2. 3차원 공간 차원 축소 Python 코드 구현
import pandas as pd
X = pd.DataFrame([[45, 0.8, 9120], [40, 0.12, 2600], [38, 0.09, 3042], [30, 0.04, 3300], [39, 0.21, 3500]], columns=['年龄(岁)', '负债比率', '月收入(元)'])
X
나이) | 부채 비율 | 월수입(위안) | |
---|---|---|---|
0 | 45 | 0.80 | 9120 |
1 | 40 | 0.12 | 2600 |
2 | 38 | 0.09 | 3042 |
삼 | 30 | 0.04 | 3300 |
4 | 39 | 0.21 | 3500 |
# 因为三个指标数据的量级相差较大,所以可以先进行数据归一化处理
from sklearn.preprocessing import StandardScaler
X_new = StandardScaler().fit_transform(X)
X_new # 查看归一化后的数据
array([[ 1.36321743, 1.96044639, 1.98450514],
[ 0.33047695, -0.47222431, -0.70685302],
[-0.08261924, -0.57954802, -0.52440206],
[-1.73500401, -0.75842087, -0.41790353],
[ 0.12392886, -0.15025319, -0.33534653]])
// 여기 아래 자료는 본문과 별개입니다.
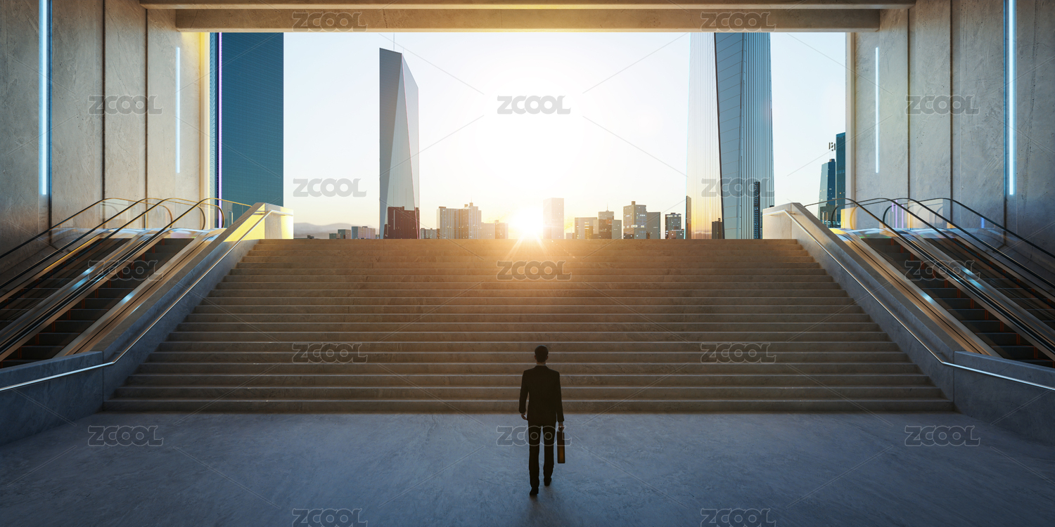 商务人士站在逆光希望成功之门前思考理财投资金融经济商业概念背影

from sklearn.decomposition import PCA
pca = PCA(n_components=2)
pca.fit(X_new) # 进行降维模型训练
X_transformed = pca.transform(X_new) # 进行数据降维,并赋值给X_transformed
X_transformed # 查看降维后的结果
array([[ 3.08724247, 0.32991205],
[-0.52888635, -0.74272137],
[-0.70651782, -0.33057258],
[-1.62877292, 1.05218639],
[-0.22306538, -0.30880449]])
# 查看降维的系数
pca.components_
array([[ 0.52952108, 0.61328179, 0.58608264],
[-0.82760701, 0.22182579, 0.51561609]])
dim = ['年龄(岁)', '负债比率', '月收入(元)']
for i in pca.components_:
formula = []
for j in range(len(i)):
formula.append(str(i[j]) + ' * ' + dim[j])
print(" + ".join(formula))
0.5295210839165538 * 年龄(岁) + 0.6132817922410683 * 负债比率 + 0.5860826434841948 * 月收入(元)
-0.8276070105929828 * 年龄(岁) + 0.2218257919336094 * 负债比率 + 0.5156160917294705 * 月收入(元)
# 如果不想显示具体的特征名称,可以采用如下的写法
dim = ['X', 'Y', 'Z']
for i in pca.components_:
formula = []
for j in range(len(i)):
formula.append(str(i[j]) + ' * ' + dim[j])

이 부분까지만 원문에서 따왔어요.